ACTIVITY:
Within the records that follow, restate exactly the lines from the line with "Figure 1 Aerial" down to the line with "Darrang College celebrated", including both. Omit the pictures.

DATA TO PROCESS:
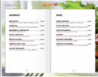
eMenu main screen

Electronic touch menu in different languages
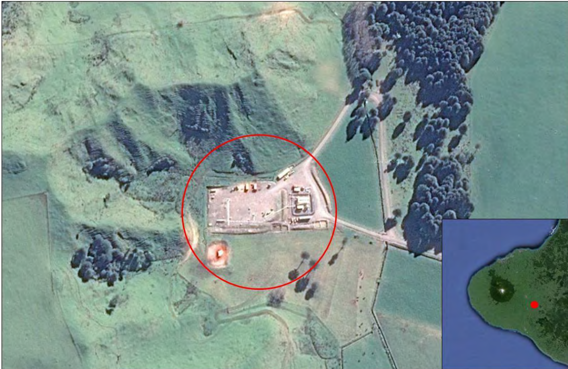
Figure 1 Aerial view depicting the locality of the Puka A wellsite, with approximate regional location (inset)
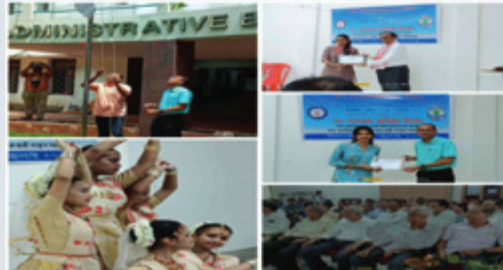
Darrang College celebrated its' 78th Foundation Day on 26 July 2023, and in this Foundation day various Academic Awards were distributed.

--

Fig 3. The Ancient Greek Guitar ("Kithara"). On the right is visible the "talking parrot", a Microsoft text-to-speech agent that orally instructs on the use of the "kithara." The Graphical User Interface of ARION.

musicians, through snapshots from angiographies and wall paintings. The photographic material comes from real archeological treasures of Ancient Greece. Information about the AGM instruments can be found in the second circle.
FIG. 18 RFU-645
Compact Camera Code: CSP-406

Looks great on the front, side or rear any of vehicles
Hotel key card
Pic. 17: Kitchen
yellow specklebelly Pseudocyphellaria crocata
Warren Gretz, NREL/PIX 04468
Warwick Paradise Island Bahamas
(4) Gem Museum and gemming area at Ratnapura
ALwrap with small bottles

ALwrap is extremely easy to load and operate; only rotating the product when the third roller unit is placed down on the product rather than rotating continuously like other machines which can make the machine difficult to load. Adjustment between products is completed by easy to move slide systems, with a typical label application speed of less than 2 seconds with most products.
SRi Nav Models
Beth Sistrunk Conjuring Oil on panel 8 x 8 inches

TASK ANSWER:
Figure 1 Aerial view depicting the locality of the Puka A wellsite, with approximate regional location (inset)
Darrang College celebrated its' 78th Foundation Day on 26 July 2023, and in this Foundation day various Academic Awards were distributed.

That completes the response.